Adoption: 'The best thing I have ever done'

  • Published
Family walking through trees

Prime Minister David Cameron is setting out proposals to speed up the adoption process in England, ahead of the launch of the government's "Adoption Action Plan" next week.

Local authorities will be told not to delay adoptions "in a search for the perfect match".

The latest government figures suggest there are 6,770 children who have been identified for adoption but have not been adopted.

BBC News website readers have shared their experiences of the adoption process. Here is what some of them had to say.

Rebecca, Huddersfield

Image caption,

Rebecca with her husband Suky and their adopted daughter Ruby

We adopted one daughter, Ruby - who is now six-and-a-half-years-old. We are waiting on a second.

The first time round it took us 18 months to be approved. The second time it took us three years to go from call to approval - we're still waiting for a match and a placement.

It wasn't particularly pleasant the first time round, but the second time it was a lot worse.

We went through three different social workers the second time round.

They're very disorganised, but social workers are under a lot of pressure.

I have no understanding as to why it took so long the second time - although they did lose the first report which didn't help.

It was a very difficult process and there was a lot of red tape.

We had our CRB checks done and our medicals done - but they lost the medical and we had to do it again. This process took so long that we had to do our CRB check again.

Every deadline seemed to be missed.

Jayne, Morpeth

Image caption,

Jayne and her adopted sons Dylan and Jamie

We adopted our two boys three years ago, they had waited two years to be adopted.

Initially social services had tried to find adoptive parents for them along with two older siblings but after that failed they were split up.

My boys could have been adopted much earlier if this had have happened sooner.

The process from finding out about them to getting them home took nine months, and then another 12 months for the legal proceedings, making them five and six-years-old before they had any stability in their lives.

The process was highly frustrating at times but we had a wonderful social worker and it is the best thing I have ever done!

I have gone from having two mixed up, confused and unruly little boys to two complete little bundles of joy of whom I am immensely proud!

Andrew Robbins, Bristol

I'm adopted and my ethnicity is mixed race.

Social services sought to place me with a black / mixed race family.
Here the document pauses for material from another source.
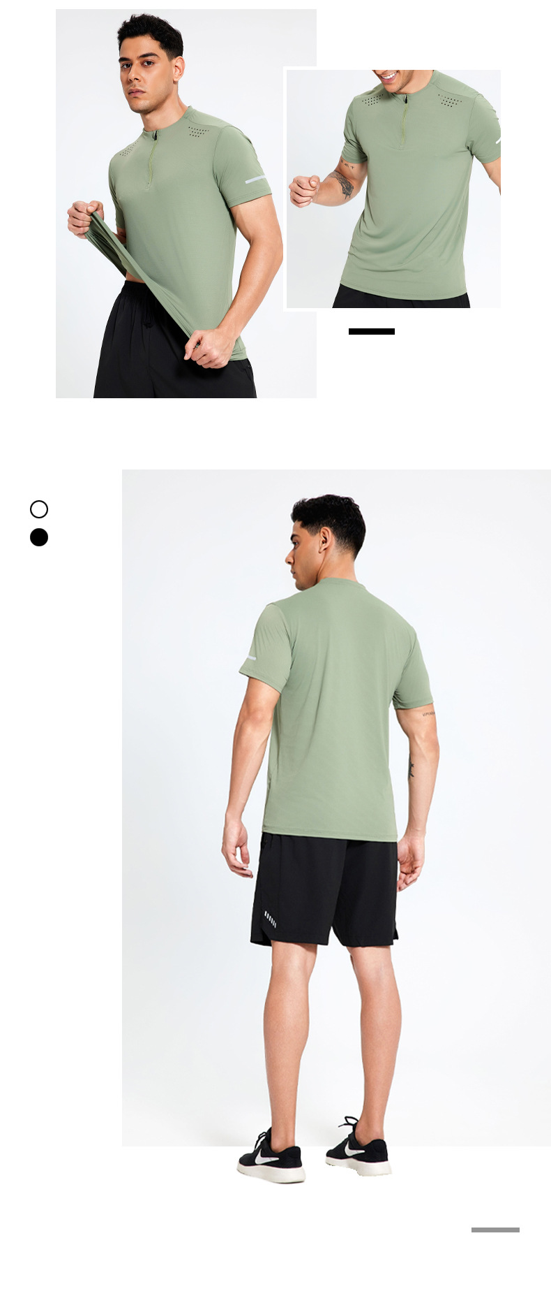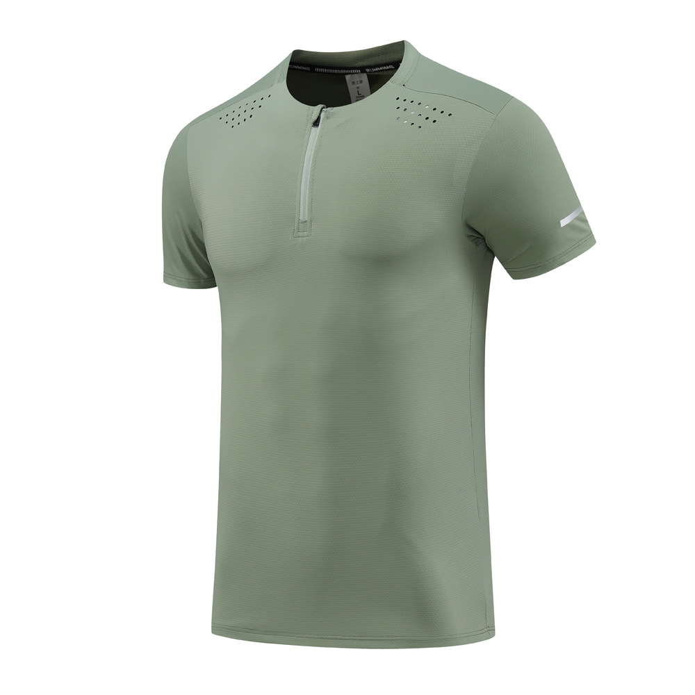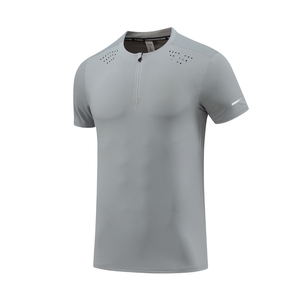 나일론 아이스 실크 달리기 스포츠 반팔 티셔츠 남성용 스탠드 칼라 하프 지퍼 단색 피트니스 옷 훈련 스트레치 퀵 드라이 의류스토어 가기
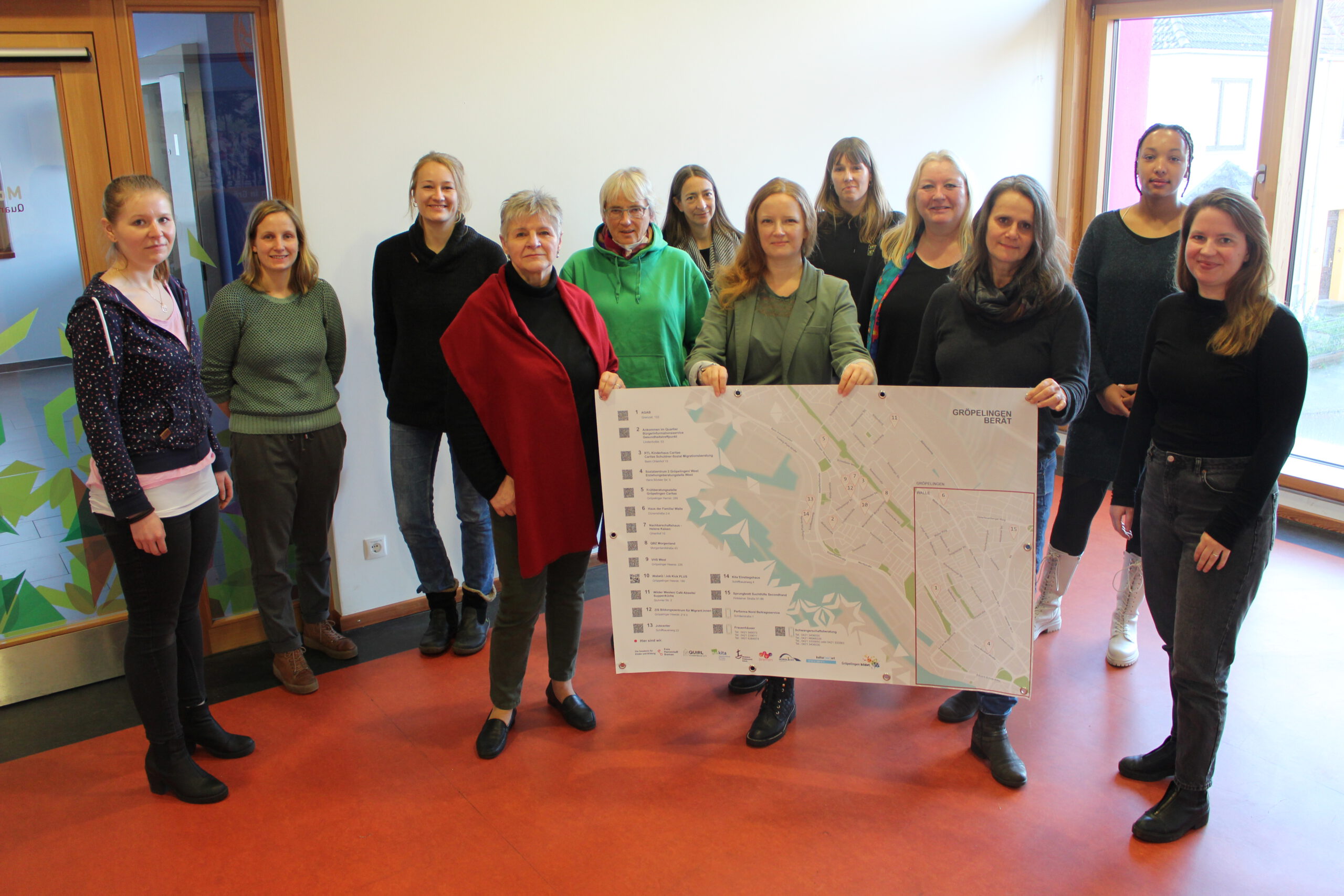 Im „Netzwerk Elternzusammenarbeit in der Kita“ herrscht kurz vor den Weihnachtsferien gute Laune: Die Sozialpädagoginnen aus den Gröpelinger Kinder- und Familienzentren halten ihre neuen Netzwerk-Karten in der Hand. Dieser Stadtplan zeigt die wichtigsten Beratungs- und Anlaufstellen für Familien in Gröpelingen: VHS, Nachbarschaftshaus Helene Kaisen, Frühberatungsstelle der Caritas und viele mehr. Ein dicker roter Punkt markiert jeweils den Standort der eigenen Kita: „Hier sind wir“. Mit dieser Karte kann in Elterngesprächen ab jetzt viel leichter aufgezeigt werden, wo Mütter, Väter und andere erwachsene Bezugspersonen von Kindergarten-Kindern weitere Unterstützung finden.

They felt that this was of vital importance.

While social services were waiting for an "ideal family" to adopt me, I was fostered by a white family, who cared for me from birth.

They raised me and instilled in me many core values. I was effectively their son.

When they indicated that they wished to adopt me, social services were reluctant to allow this, based purely on the apparent "imbalance" between our ethnicities.

In the end, after a long fight, I was adopted by my foster parents. The colour of my skin never affected their ability to love me or raise me in a safe and stable environment.

As far as I am concerned that is what counts. Had social services found a suitable black family for adoption; I would have experienced problems adjusting to a new family.

After five years with one family, irrespective of their colour, to live with another would mean tremendous upheaval for any child. I am glad I've never had to go through that.

My parents never looked at my colour or my background, they looked at a baby whose needs they felt they could provide for.

They succeeded and I've had the same love - if not more - as every other child.

Graham Andrews, Southampton

Image caption,

Graham Andrews and his adopted children

Myself and my wife are white adoptive parents. Both of our children have mixed heritage.

Whilst it was a serious consideration and a potential stumbling block when preparing to adopt both children it has proved, in practice, much easier to promote the multicultural nature of our family.

In such a diverse society it is surely only the most die-hard of conservatives who would bat an eyelid at our family make up.

As long as the children are loved and cared for and are encouraged to have a positive sense of self identity and the mixed culture family unit is promoted as being a positive thing then there should be no barriers to prevent white couples adopting children from a different ethnic background.

There are plenty of adopters out there who are desperate to provide a loving home for a child but are prevented from doing so and as a result the child remains in care.

Robinia, Ipswich

My husband and I adopted a baby boy in 2001.

The approval process to adopt is the most stressful thing I have ever done.

Your personality and relationship with your partner go under tremendous scrutiny for many months.

I believe it is accurate to say that many people would not be approved to adopt their own children.

I was told my standards were too high, I had a successful career and we had a nice house.

We were fortunate that the social services team leader weighed up the risks and benefits for the baby boy who is now our son, and came down in our favour.

I gave up that career to raise my adopted son - because I couldn't keep the career and deliver the high standards of care that we wanted for him. I don't apologise for those standards!

Rebecca Bell, Tunbridge Wells

Image caption,

Rebecca Bell and her husband Craig

My husband and I attempted to adopt last year and were met with nothing but animosity.

The social worker that came round to our house simply gave us a list of our "faults".

This included that the garden was un-finished, we had pets and that our 10-year-old daughter's bedroom was a little bit untidy.

Just starting the adoption process is very daunting and to be met with social workers that have nothing but negativity doesn't help at all.

It is because of this reason that we gave up and are now looking at other options to expand our family.